Hi ihr Zwei und Paul, noch ein verspätetes :willkommen im Forum..!
Ich füge mal den Link zu dem Filter in deinem Beitrag mit ein...nicht jeder hat Lust, erst danach zu suchen...



> Ich beabsichtige einen Teich in der Größe 4,5x2,5 m und 1m tief anzulegen.


also wenn du ihn "normal" anlegst sollten da ca 5000 Liter rein gehen.


> Ich könnte ein Teichfilter von T.I.P.-PTS 40.000 UV bekommen.


wie viel soll er denn kosten?


> von der Leistung her dürfte ja nichts einzuwenden sein-ODER??
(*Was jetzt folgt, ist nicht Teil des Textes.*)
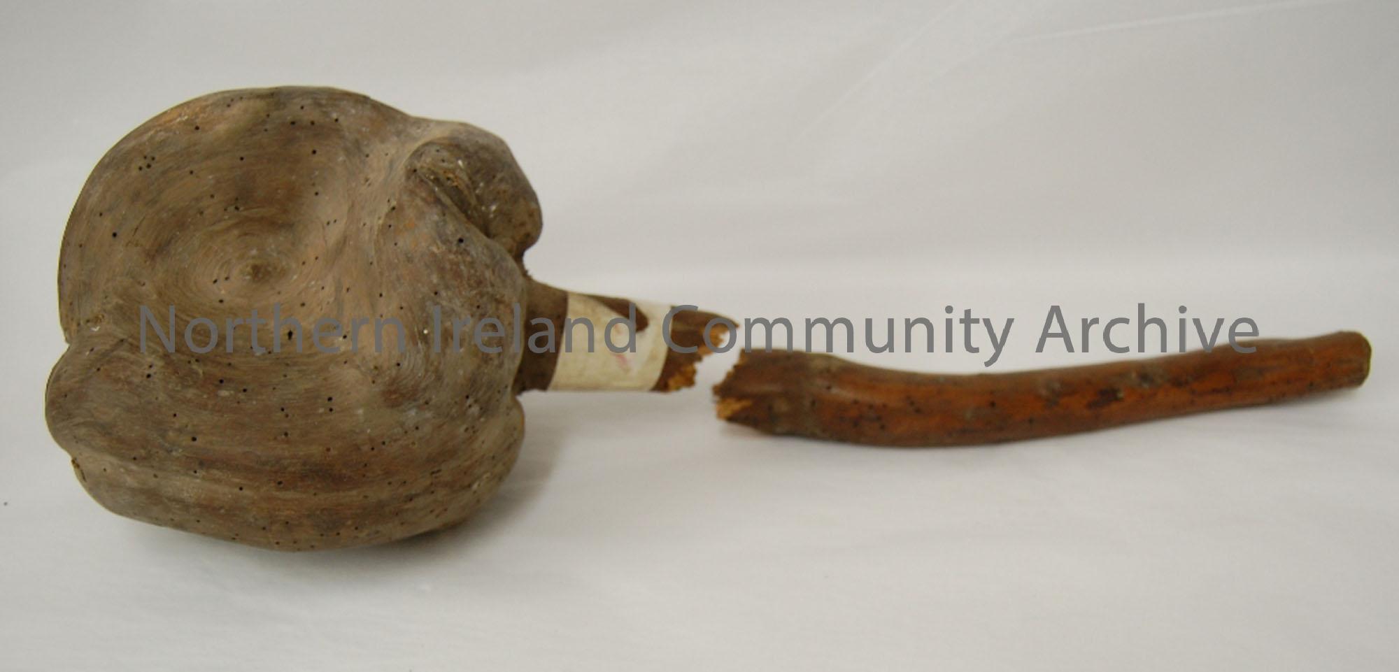Slender wooden handle leading to large circular head. Evidence of wood worm and the handle is broken.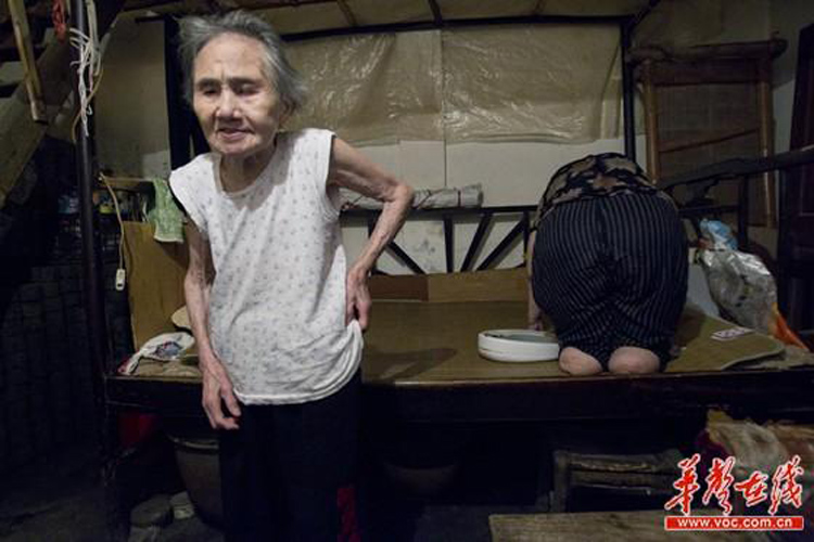 杨玉辉母女俩的家,隐藏在长沙繁华都市深处。在幸福桥社区住了近一个世纪的家里,九旬老人王仲莲60年如一日地照顾重残“无脚女儿”杨玉辉,用言行践行母亲责任、用一生书写母爱光辉。60年来,王仲莲的时间都是围着女儿转的,每天早晨,她起床第一件事就是帮女儿穿衣,洗脸,喂饭,图为老人照顾女儿如厕,将坐便器放在床上。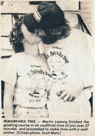 Martin Laessig, a local artist and sometime bartender, completed the run in a time that staggers the imagination. It also staggered Laessig a bit, as he came into the finish line at the Sandcastle Bar in 27:04.6 (unofficial).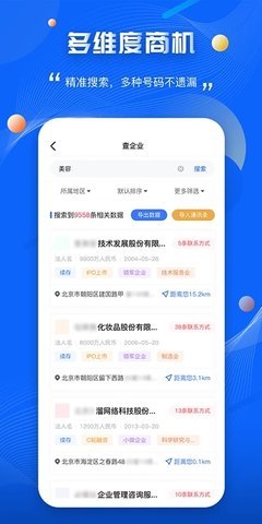 行业信息和客户源收集应用,我们的目标是帮助用户搜索有价值的企业和商家等客户信息和商机信息,更好的帮助实体业主和企业主营销推广。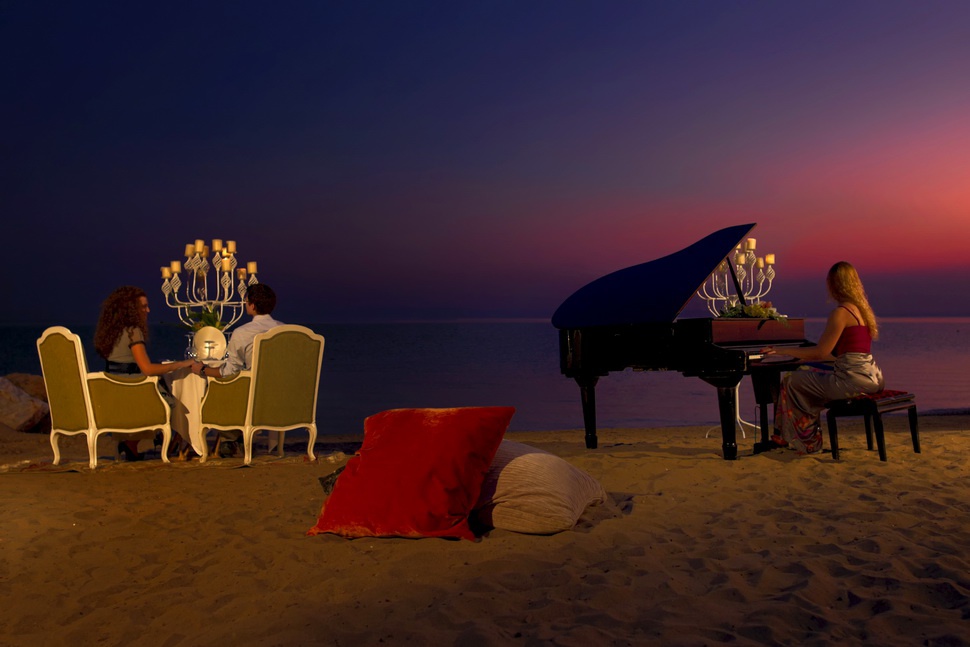 55-60 кв. м. Романтичний люкс складається зі спальні з великим двоспальним ліжком, зони відпочинку, яка відокремлена від тераси скляною стіною, ванної кімнати з ванною та душем. З просторої мебльованої тераси з басейном, що підігрівається, відкривається вид на маленький приватний садок і море. Розміщення: 2 особи.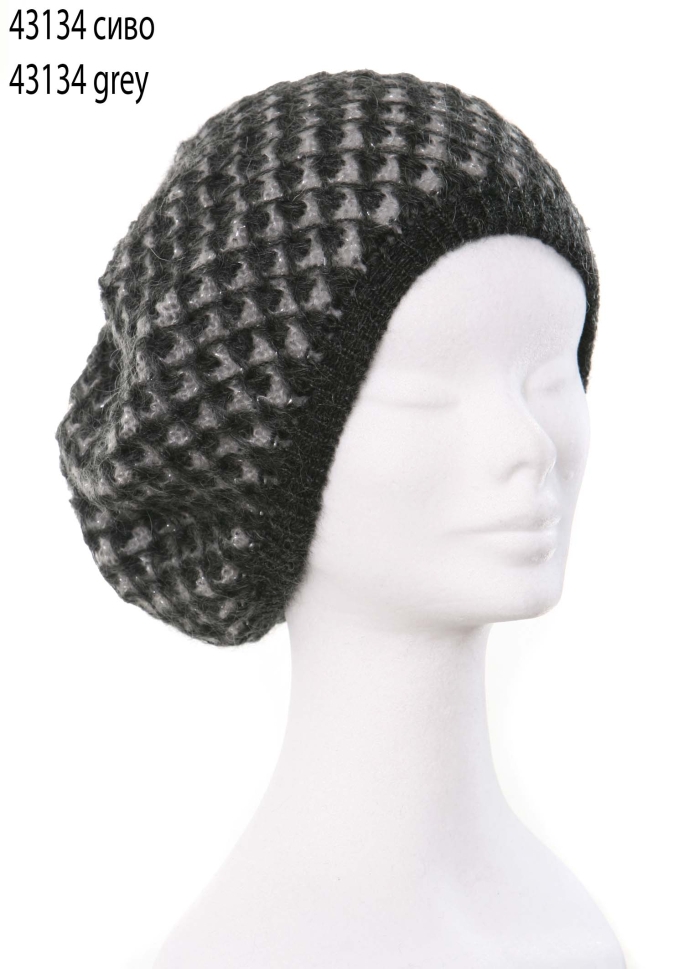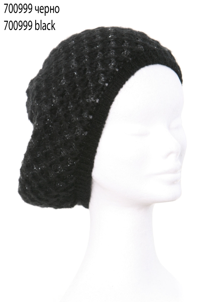 Soft knitted ladies hat with silver lamé made of 30% mohair, 40% acrylic and 30% polyamide.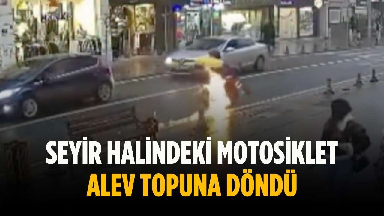 Olay, Çorlu Kemalettin Mahallesi Salih Omurtak Caddesi üzeri Çeşme Durağı yakınlarında meydana geldi. Belediye yönüne seyreden motosiklet bir anda alev topuna döndü. Sürücü ise apar topar motosikletten atlayarak yanmaktan saniyelerle kurtuldu.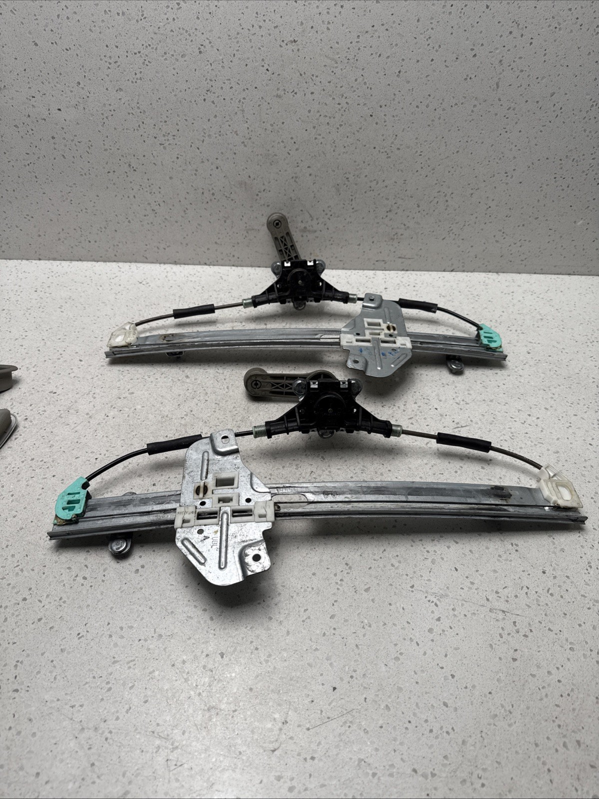 The product is a pair of manual window regulators for the front left and right sides of a 2015 Kia Rio sedan. These regulators are designed specifically for Kia vehicles and are operated manually. They are essential components for controlling the movement of the windows in the car, providing convenience and functionality for the driver and passengers. The placement on the vehicle is crucial for proper installation and operation, ensuring that the window regulators are in the correct position to function effectively.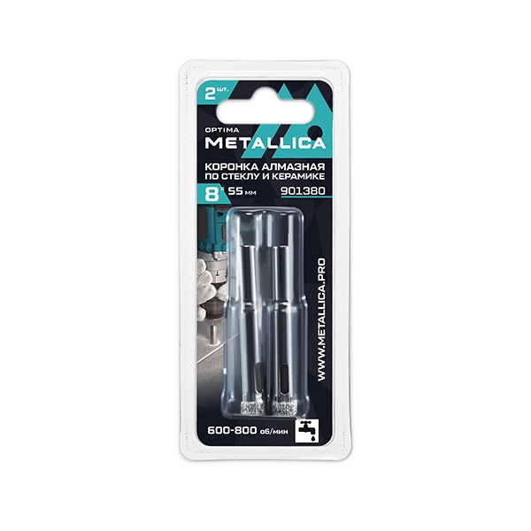 Коронки алмазные METALLICA Optima 8x55 мм, #80, по стеклу, плитке, 2 шт, в блистере.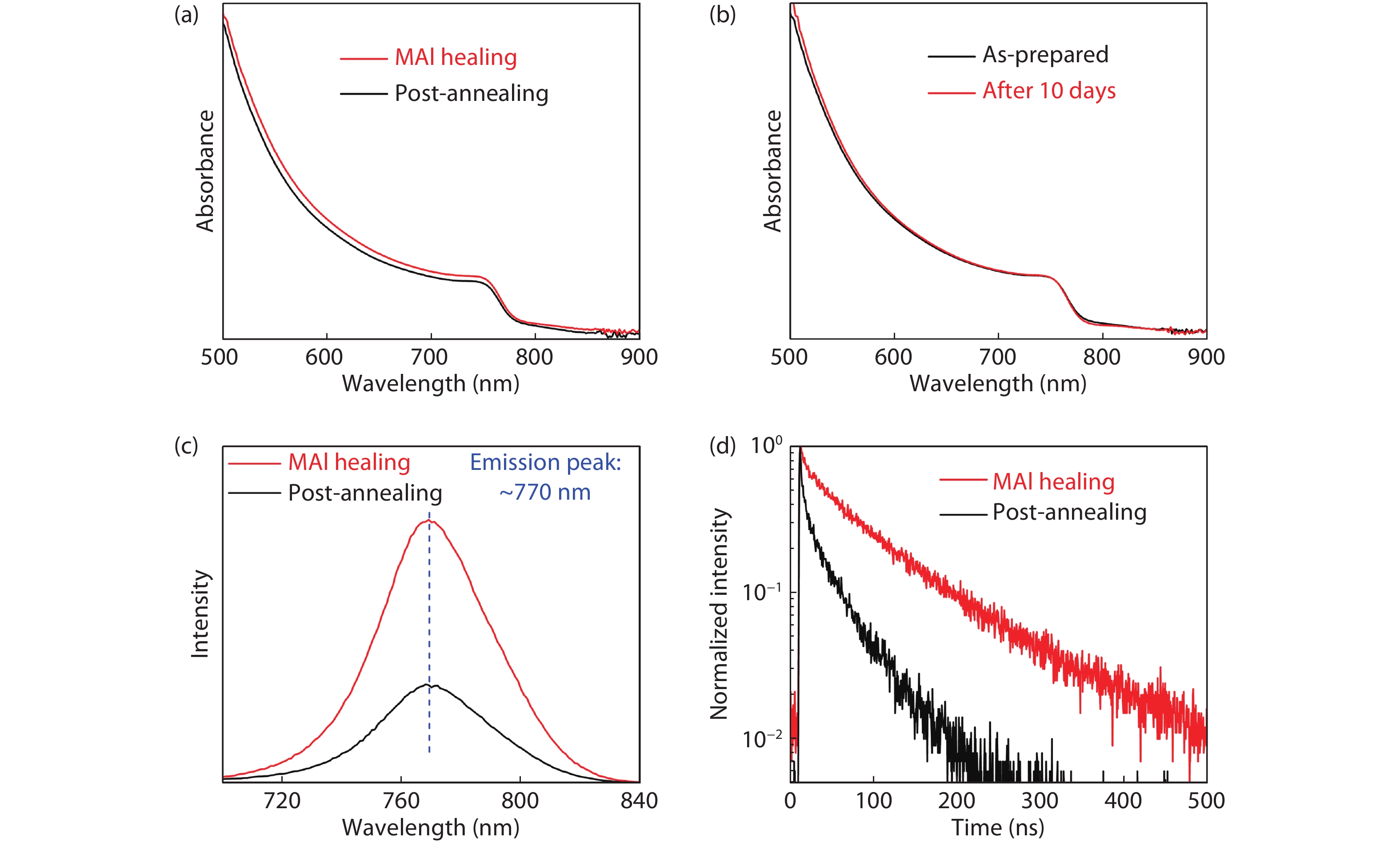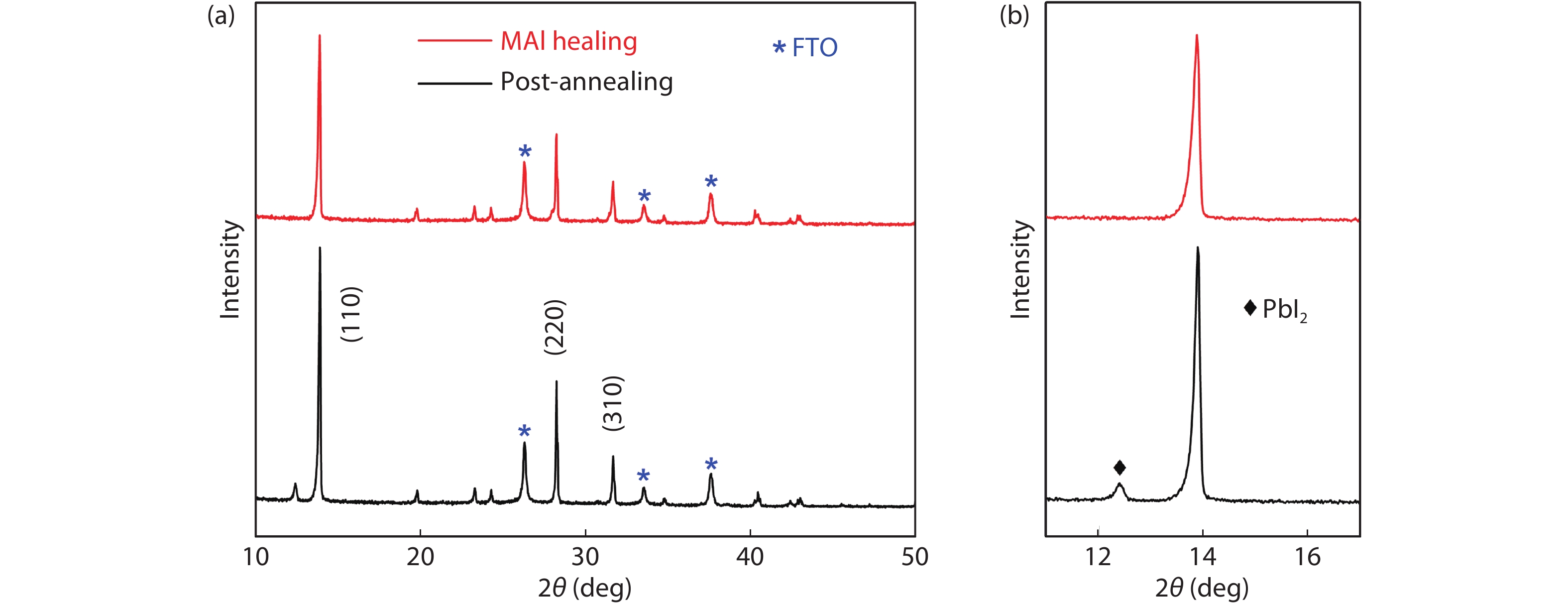 Repressing the thermal decomposition during the process of heat treatment plays an indispensable part in the preparation of perovskite films. Here, a methylammonium iodide healing method was applied to prevent the volatilization of the organic component inside the perovskite structure during the heat treatment. High-quality CH3NH3PbI3 film with a much larger grain size over 800 nm was successfully fabricated via this healing method. Besides, the absorption and photoluminescence intensity were also both improved. Finally, the best power conversion efficiency of 18.89% with a fill factor over 80% was realized in an n–i–p configuration while possessing outstanding stability. This work suggests that methylammonium iodide healing method is a reliable way to promote crystal growth and improve the photovoltaic performance and humidity stability of the CH3NH3PbI3 solar cells.

sehe ich auch so..! wenn du nicht grad mehr Fisch als Wasser haben möchtest 


> hat jemand Erfahrung mit dem Teil ??


leider nicht...aber so macht er für kleine Goldfischteiche einen guten Eindruck!
die Aussage..."reicht für 40000 Liter Teiche" ist natürlich voll überzogen...
aber für deine 5-6000 Liter OK


> Persönlich finde ich den Filter nicht besonders geeignet, da eine ordentliche Vorabscheidung fehlt. Das könnte einen immensen Reinigungsaufwand nach sich ziehen.


das ist natürlich auch richtig aber einen besseren Vorabscheid kann man auch nachträglich davor hängen wenns dir zu aufwendig wird!
kommt halt auch auf Fischbesatz Teichanlage Pflanzen usw an.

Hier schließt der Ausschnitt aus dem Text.